And it's far from the only ultrabook around that thickness with those kind of
ports. I'm just amused that it has more variety of ports than the Pro machine
which costs 3 to 4 times as much. (though, no thunderbolt 3)

But it's not even in the same market as the Macbook Pro, it should be
competing with the Macbook. I was kind of hoping to upgrade it to a Macbook
Pro when the new model was released.

------
jbmorgado
For me it comes down to a simple thing. When you launch 2 of your major
products separated by 2 months (iPhone and Macbook Pro) and they can't work
together without an adapter because you are using different ports in the
iPhone and cannibalising ports in the MacBook Pro, then your company by
definition, lacks vision and aim.

We can apologize Apple all we want, we can pretend there is a greater vision
going on behind the scenes, but sorry, it just isn't, I can't even use the
headphones from my new iPhone to listen music/sound in my new MacBook Pro (not
alone connect my iPhone to the MacBook Pro to charge/transfer media with the
lightning port) without an adapter.

That's an utter lack of vision, development path, aims of the products. It's
literally a mess.

------
smegel
The reason motorcycle companies invest in racing is not just to establish
cred, but to actually push the boundaries of technology and innovation that
they can then incorporate into their "consumer" models.
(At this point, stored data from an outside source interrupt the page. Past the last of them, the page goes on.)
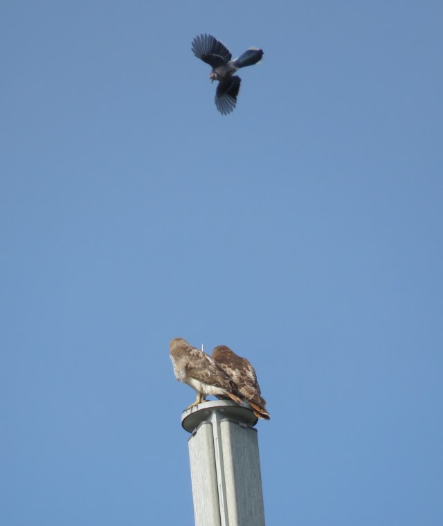 Friday was an absolute binge day for raptors. The opening picture on this post wasn’t the only one I took of that pair. Here’s a bluejay buzzing them (at a respectful distance):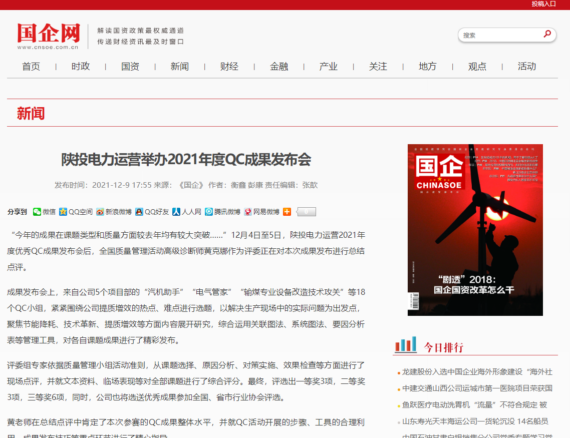 國企網(wǎng):陜投電力運營舉辦2021年度QC成果發(fā)布會
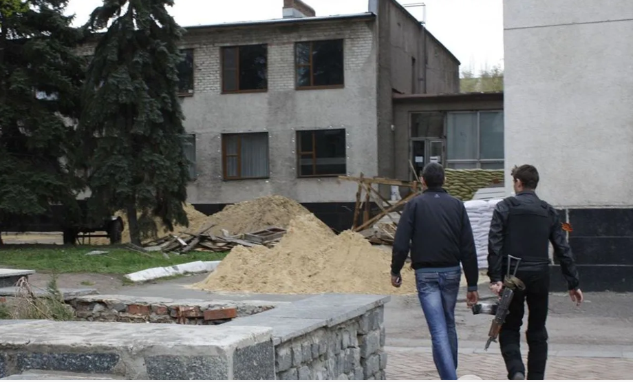Захваченный стрелковцами исполком Славянска.
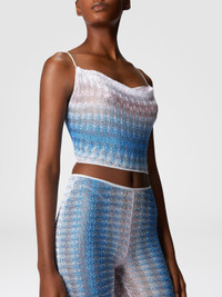 A feminine and versatile top with a design inspired by scarves, made from degrade lace in viscose and lame. The bateau neckline, tie straps, and back lace closure create a perfect balance between sensuality and sophistication. MORE DETAILS - Women's top - Scarf-cut design - Degrade lace workmanship - Tie closure at the back Composition: EXTERNAL:93%Rayon, 7%Metal Fiber Care instructions: Ironing maximum temperature 110°C - without steam ; Dry cleaning in tetrachloroethene ; Do not tumble dry ; Do not wash ; Do not bleach Made in: Italy Product ID MC25SK05BR0131S72L3
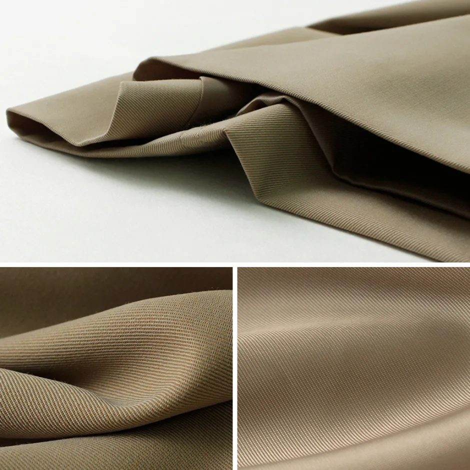 The fabric is a warm, breathable, and soft wool gabardine. It is woven with finer yarns than usual, giving it a characteristic drapey, falling finish.
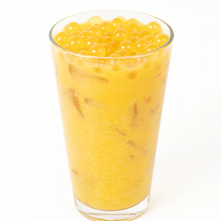 Black Tea, Coconut Milk, and Mango Purée garnished with Mango Boba Pearls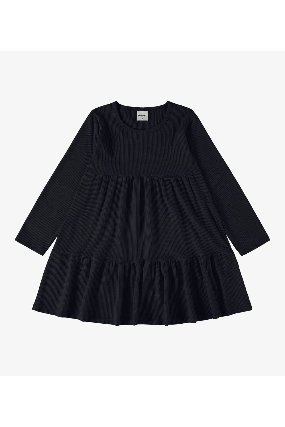 Vestido Infantil Manga Longa Canelado Rovi Kids Preto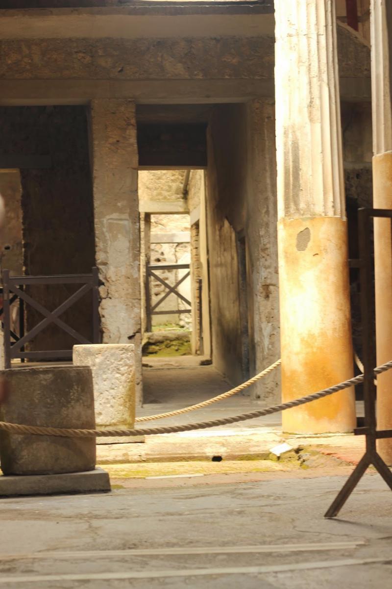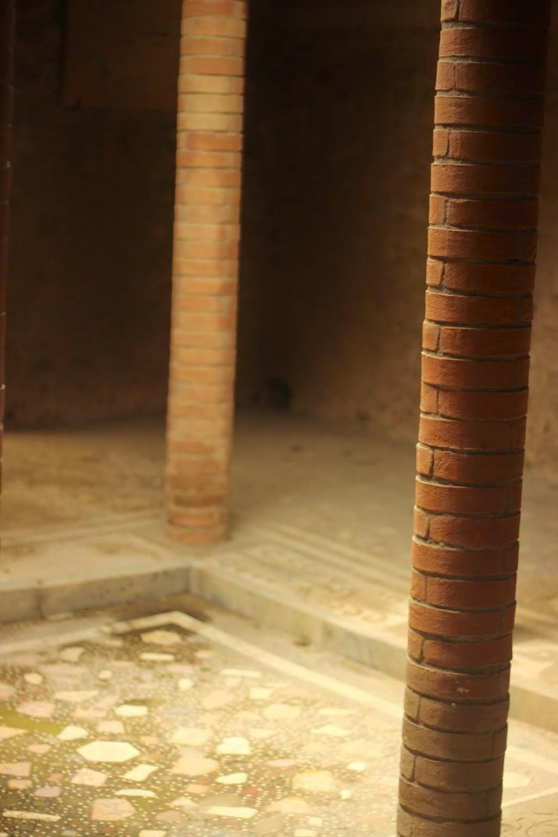 Sokağa bakan kısımlarında tezgâh üzerinde topraktan yapılmış çukur bölmeler göze çarpıyor. Buralarda sıcak yiyecekler satılıyormuş ayaküstü gelip geçenlere. Esasında, tam tersi olması gerekirken; bu şehirde içme suyu kurşun, kullanma suyu ise toprak borularla taşınıyormuş. Hatta kurşun zehirlenmesinden dolayı Pompei krallarının deli oldukları söyleniyor, ben rehberimizin yalancısıyım.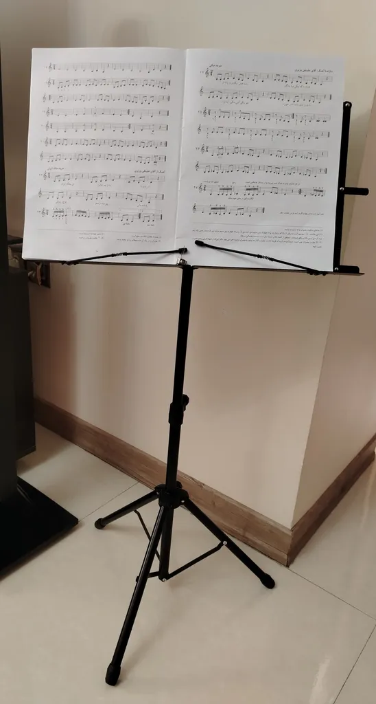 - ⬤ پایههای نت : این پایهها برای نگهداری نتهای موسیقی طراحی شدهاند و معمولاً دارای قابلیت تنظیم ارتفاع و زاویه هستند. خریداران از طراحی جمعشونده و قابلیت حمل آسان این پایهها ابراز رضایت میکنند. اما برخی از کاربران به کیفیت ساخت و استحکام پایهها انتقاد کرده و از احتمال شکستن آنها در استفاده مداوم ابراز نگرانی کردهاند.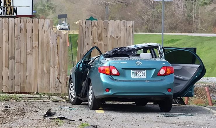 A stolen Toyota Tacoma hit spike strips, went airborne and landed on a car parked at the Nicky’s restaurant at Dixie Inn. Inside that car was Barbara Harlon. She escaped unhurt by climbing out a passenger door. “I felt around to see if I was hurt, and I could tell that I was okay. God was with me,” Barbara said.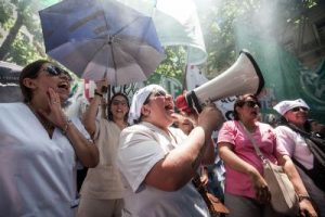 Por su parte, Rodolfo Arrechea, de ATE Salud y delegado general en el Hospital Rivadavia, subrayó: “Estamos acá y en todos los puntos del país exigiendo la inclusión a la carrera profesional de los Licenciados”. Sin embargo, indicó: “Esta lucha viene de hace tiempo, diciéndole al Gobierno nacional que no aceptamos el presupuesto del FMI, que implica recortes y la desaparición en la CABA de cuatro hospitales que se van a fusionar en el complejo del Hospital Muñiz, por eso también rechazamos la degradación del Ministerio de Salud”. Por ello, cerró: “Esta es una medida más del gran plan de lucha que venimos llevando desde ATE junto a todas las organizaciones del movimiento por el derecho a la salud”.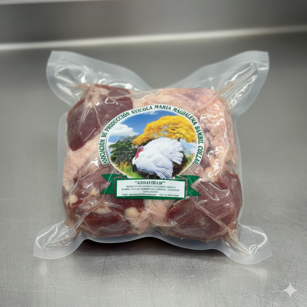 Paquetes de carne de pavo cruda, tanto en bolsas al vacío como en bandejas, etiquetados con un logotipo que muestra un ave blanca sobre un paisaje natural.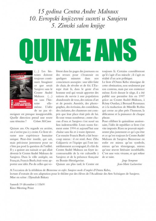 Pour célébrer le quinzième anniversaire, l’idée de republier ce livre s’est vite imposée. Rien ne pouvait représenter plus justement ce qu’a pu être et ce qu’est toujours le Centre André Malraux de Sarajevo. Bienvenue en enfer est mieux qu’un symbole, mieux qu’un témoignage, mieux qu’une œuvre littéraire inoubliable. C’est une voix vivante, et qui refuse de se taire.

A "true Pro grade" computer offers no such advantage - in fact most of the
innovation comes from making things smaller and thinner - as soon as you take
away the weight/size restriction, sure you can make supercomputers in a box,
but it's also pretty darn easy to do so.

And the final point - consumer bike customers usually watch bike racing, and
probably dream of being a pro bike racer - few Mac customers could care less
about "digital creative professionals" and don't really want to emulate being
one of them.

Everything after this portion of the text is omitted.